Learning how to be a good mother and good at my job at the same time is one of the hardest transitions I’ve ever had to make. For years, I’ve enjoyed my career. Just before I went on maternity leave, I worried that I wouldn’t be able to switch off and would miss my job while I was away. But in the newborn fuzz after having my daughter, work couldn’t have been further from my mind. I was suddenly entirely consumed with a new job. One with horrible working hours, terrible pay and a thankless boss.

For the next 7 months, I learned how to be a mum. It was a steep learning curve and some days it felt like the handbook might as well have been written in Ancient Greek. But we learned together: me, my husband and my daughter; our little family.
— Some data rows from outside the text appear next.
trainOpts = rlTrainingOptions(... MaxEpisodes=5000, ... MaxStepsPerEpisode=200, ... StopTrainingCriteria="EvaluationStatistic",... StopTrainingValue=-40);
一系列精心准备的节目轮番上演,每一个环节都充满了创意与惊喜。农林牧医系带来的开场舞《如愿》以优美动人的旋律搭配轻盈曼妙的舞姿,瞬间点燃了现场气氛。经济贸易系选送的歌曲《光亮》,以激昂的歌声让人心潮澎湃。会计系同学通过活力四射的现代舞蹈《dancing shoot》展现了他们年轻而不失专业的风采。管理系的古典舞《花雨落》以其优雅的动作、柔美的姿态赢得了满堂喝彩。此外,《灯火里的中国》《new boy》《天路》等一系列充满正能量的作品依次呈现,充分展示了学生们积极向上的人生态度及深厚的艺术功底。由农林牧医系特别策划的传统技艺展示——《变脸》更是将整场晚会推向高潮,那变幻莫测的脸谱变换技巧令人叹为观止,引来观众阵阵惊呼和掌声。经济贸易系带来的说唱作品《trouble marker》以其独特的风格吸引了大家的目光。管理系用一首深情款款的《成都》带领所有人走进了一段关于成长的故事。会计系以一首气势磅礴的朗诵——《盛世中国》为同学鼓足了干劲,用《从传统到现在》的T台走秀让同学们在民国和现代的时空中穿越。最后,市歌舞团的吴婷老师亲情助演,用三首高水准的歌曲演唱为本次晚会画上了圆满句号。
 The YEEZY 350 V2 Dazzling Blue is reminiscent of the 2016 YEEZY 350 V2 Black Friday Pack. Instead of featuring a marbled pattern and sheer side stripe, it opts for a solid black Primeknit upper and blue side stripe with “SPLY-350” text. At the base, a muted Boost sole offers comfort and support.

By the time I went back to work, I was ready to engage my brain again but I was still very much finding my feet as a mother. I was excited to step back into being ‘work Sarah’, so I was really positive on my first day back. I felt so free getting the train into London with a proper handbag and smart clothes, even if I did have a muslin and breastpump stashed alongside my laptop. Sadly, I quickly realised I couldn’t just snap back to the same place I was before I left.

For starters, the world had continued without me. The team I left had carried on building the business with my deputy taking on many of my previous duties. There wasn’t a Sarah-shaped hole in the company and working out where I would fit back in without treading on anyone’s toes was a political minefield.
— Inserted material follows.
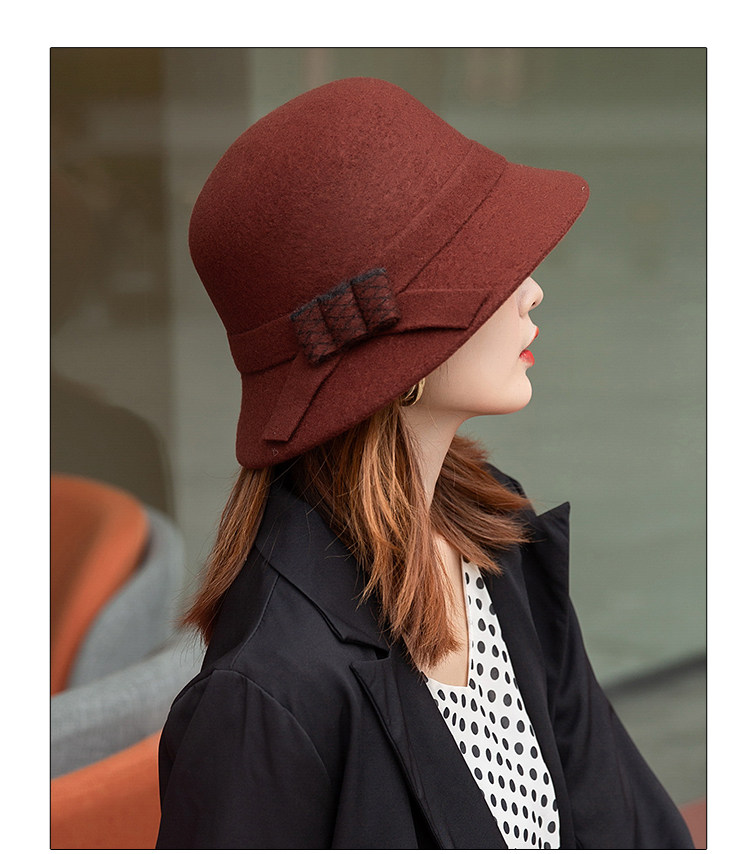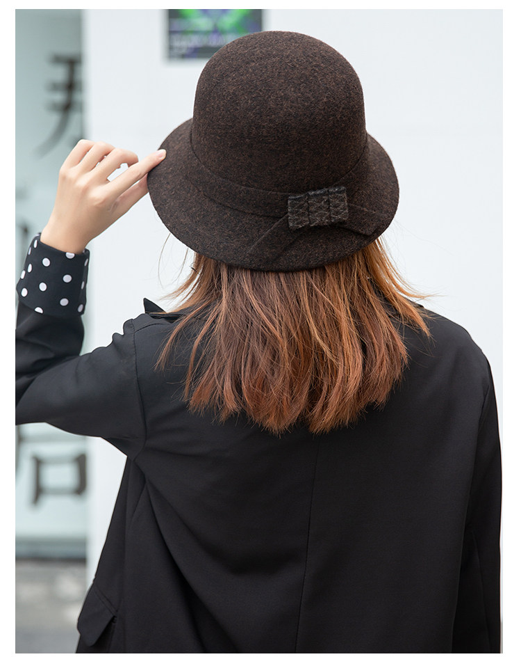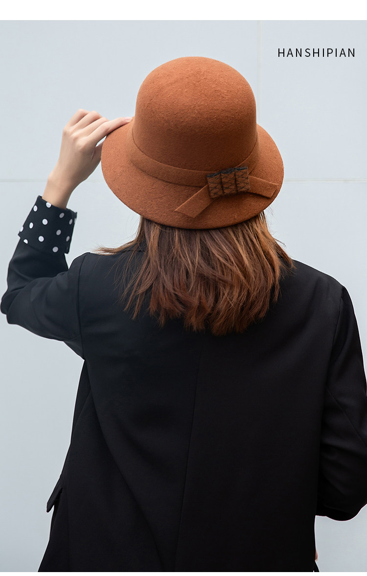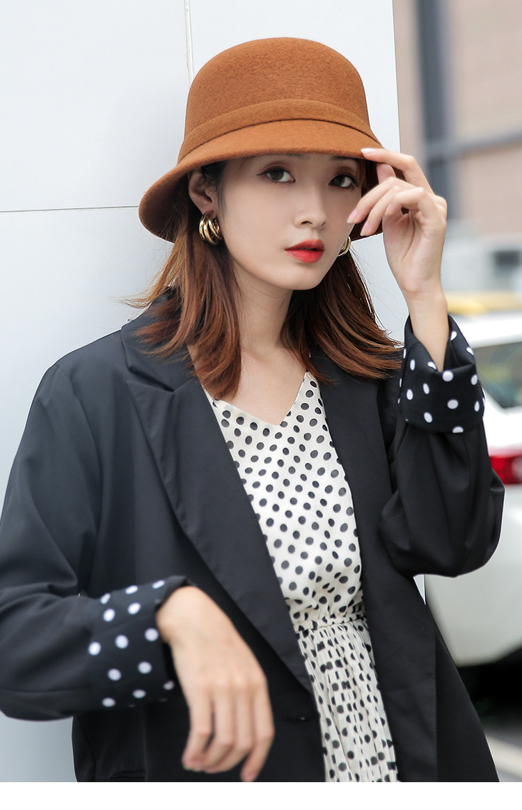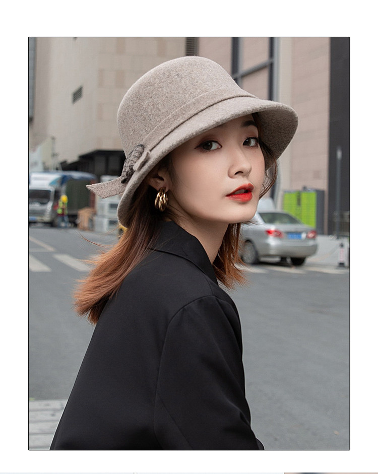 CalbouKimct winter hat women's wool face-showing small warm versatile hat elegant autumn and winter fisherman hat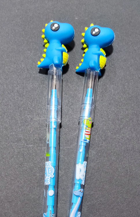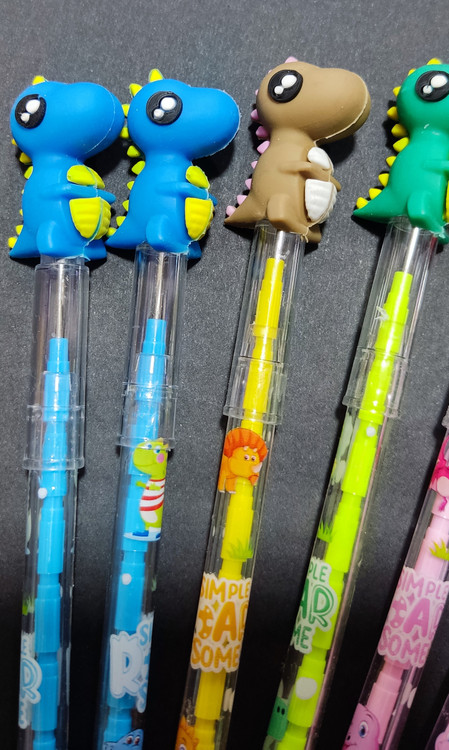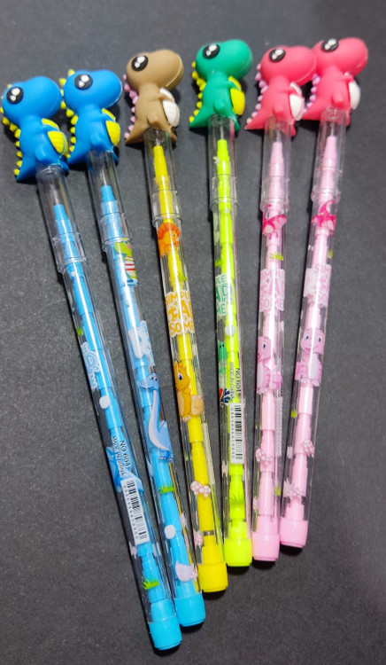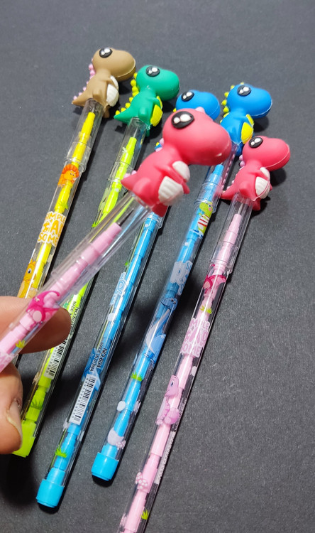 مداد فانتزی فشنگی با طرح دایناسور دارای 4 رنگ بدنه آبی قهوه ای سبز صورتی هست که همراه این محصول می توان نوک یدک این مداد را نیز تهیه کرد و بدون نیاز به تراشیدن یا شکستن نوک به نوشتن ادامه داد

Then, I had to take into account that I just wasn’t the same person as when I left. I was tired, my mind was slower and my memory was non-existent. I hadn’t spent more than 20 minutes focusing on one task in 7 months and I’d barely used a computer other than to stream re-runs of Friends. Not only was I not really needed for my job any more, I wasn’t even that good at it.

Feeling more than a bit deflated, I came home longing for a cuddle with my baby and to feed her. The first day I made it home for bedtime. The second day I watched my train pull out of Paddington station as I ran down the platform. Knowing I wouldn’t make it home, I sat on the concrete and cried.
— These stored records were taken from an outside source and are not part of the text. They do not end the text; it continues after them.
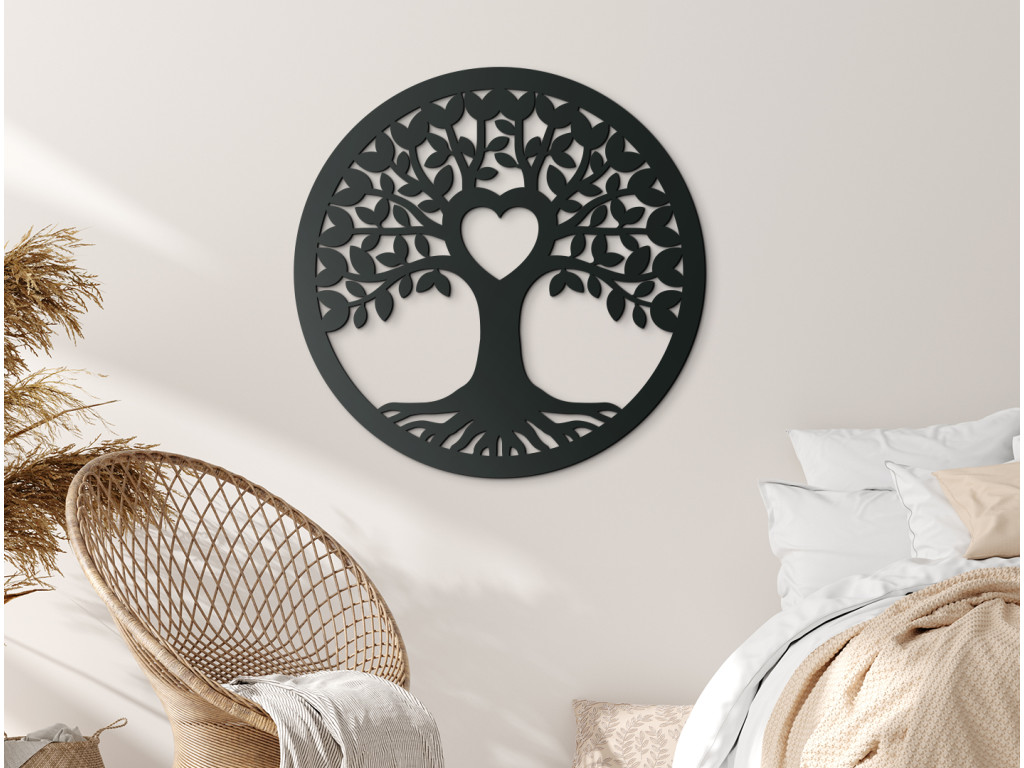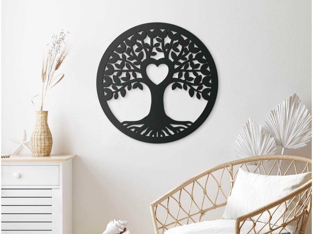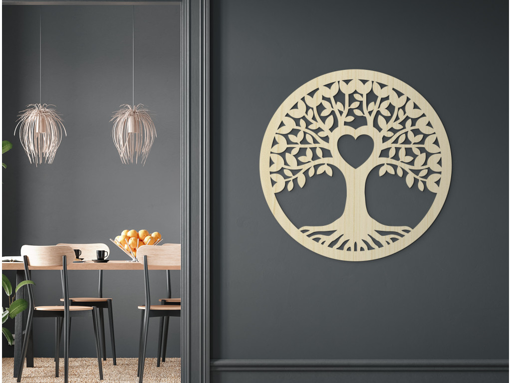 Arbre de vie en bois Amour - l'un des motifs les plus populaires qui plaira à tout le monde. L'arbre rond et le cœur sculpté au centre de l'arbre représentent l'amour et la paix éternels et épanouis.
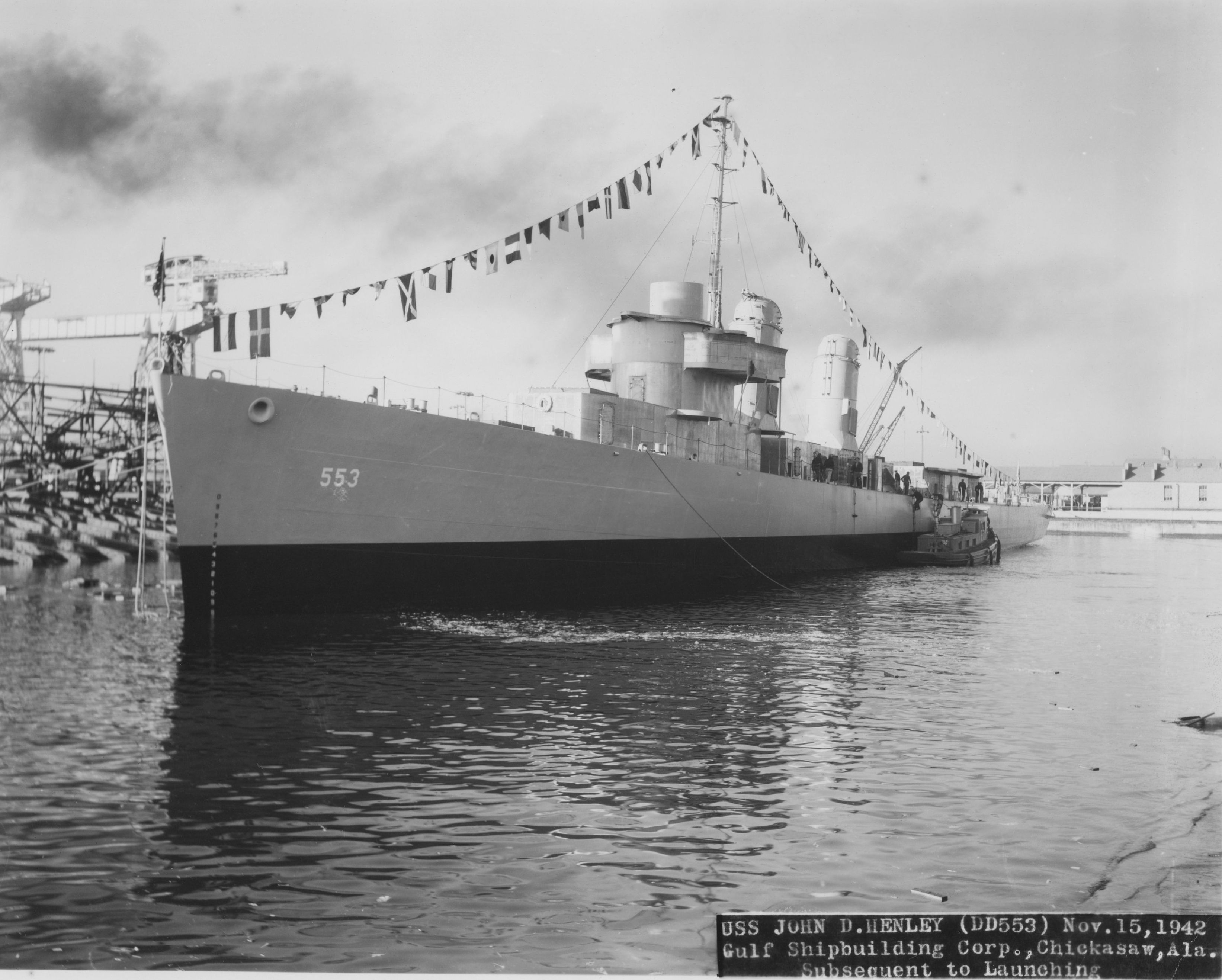 97k | The third Henley (DD-553) was named for John Dandridge Henley, born in Williamsburg 25 February 1781. His brother was Captain Robert Henley, namesake of DD-39, 391 and 762. Commissioned midshipman 14 August 1799, Henley served in Chesapeake, cruising in the West Indies until 1801. Departing Baltimore in the schooner Vixen 3 August 1803, he joined the Mediterranean Squadron for the War with Tripoli. Serving as an officer in Gunboat No. 6 under Lieutenant John Trippe, Henley participated in the attack on Tripoli, 3 August 1804. Gunboat No. 6 ran alongside one of the enemy's large boats and with nine men, Trippe and Henley stormed the Tripolitan before the gunboat fell away from the enemy. Although outnumbered three to one, the Americans fought so fiercely that within a few minutes the enemy struck their colors. Fourteen of the enemy had been killed and 22 were taken prisoner. Both Trippe and Henley were highly commended for their bravery in this action. Following completion of his tour in the Mediterranean in 1805, Henley made a merchant voyage to distant ports and then in September 1807, assumed command of Gunboat No. 20. Henley then served a tour in Washington and with the outbreak of war against the British was ordered to Charleston in June 1813 to command schooner Carolina. His ship was destroyed 27 December 1814 off New Orleans during a fierce struggle in which the few small warships available played a decisive role in delaying the powerful British attack and bringing victory to the American forces. For his part in the victory at New Orleans 8 January 1815 Henley was highly commended by General Andrew Jackson. Promoted to Captain 5 March 1817, Henley commanded John Adams in the West Indies and Congress in the Indian Ocean before taking command of Macedonian in the struggle against West Indian pirates during 1822. Captain Henley served as commandant of the Charleston and Baltimore stations and the Portsmouth Navy Yard, New Hampshire, 1826 to 1832. On 16 August 1832 he was given command of the West India Squadron with Vandalia as his flagship. Captain Henley died on board Vandalia at Havana, Cuba, 23 May 1835. |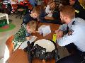 Durch mitgebrachte, typische Arbeitsmaterialien und die passende Arbeitskleidung erhielten die Kinder einen sehr umfangreichen Einblick in die breitgefächerte Berufswelt der Erwachsenen. Ob Polizist, Feuerwehrmann oder Rettungsassistent, Frisörin, Malerin oder Krankenpfleger; Verkäuferin, Erzieherin und Lokomotivführer, Hebamme und nicht zuletzt eine Lehrerin wurden interessiert von den Schülerinnen und Schülern befragt. In besonderer Erinnerung werden die mitgebrachten Arbeitsutensilien bleiben, die die Kinder selbst einmal ausprobieren durften.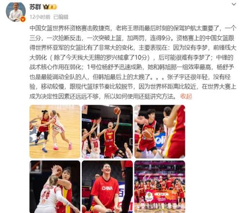 賽后,媒體人蘇群也是發(fā)文中國隊的表現(xiàn),談到張子宇時,指出:“張子宇還很年輕,沒有經(jīng)驗,移動較慢,跟現(xiàn)代籃球節(jié)奏比較脫節(jié),因為世界杯距離比較近,在世界大賽上成為決定性因素還遠遠不夠,所以如何使用還挺講究方法”。

At the weekend, I’d watch Carys go to Tom instead of me and when I dropped her off at nursery the next week, she happily crawled off without a glance back. She’d always had an independent streak, but from the safety of my watchful eye. Now, she seemed to be breaking that dependent bond, or at least learning to find it in others.

Within a week, I’d gone from a situation where I was totally needed and depended on by another human for their entire life to feeling like no-one needed me. That I was a spare part. Not capable of my job and not capable of being a good mother. I’ve subsequently come to terms with this period, but at the time I was absolutely crushed and felt utterly hopeless.

I struggled for quite a while during this transition, made worse by the fact I had to stop breastfeeding because I couldn’t express enough at work. However, I gradually learned how to balance the two major parts of my life more successfully. More than anything, I learned to accept that I couldn’t give 100% to everything. I set myself a lower bar at work, without trying to go over and above on every task. Maybe I wouldn’t set the world alight, but I’d be reliable and work hard. I watched Carys flourish in a setting with other children, developing skills so much more quickly than at home, and realised that nursery wasn’t just a holding pen, but a nourishing experience in itself.

In other words, I learned to cope with the mental load of balancing work and parenting. Each part of my life has at one time consumed all my attention, so teaching my brain to switch between the two was really challenging. I had to accept a lot of hard truths and be more forgiving with myself than I’d ever been before.

Now, I have two children to manage alongside work and the mental load is even greater. My memory is absolutely shocking and I know I don’t perform as well at work as I used to. But I know deep down I’m still good at what I do. And there’s no better tonic for a tired mind than a little voice squeaking “good morning mama, I love you” from the side of your bed. Even if it is at 5.30am.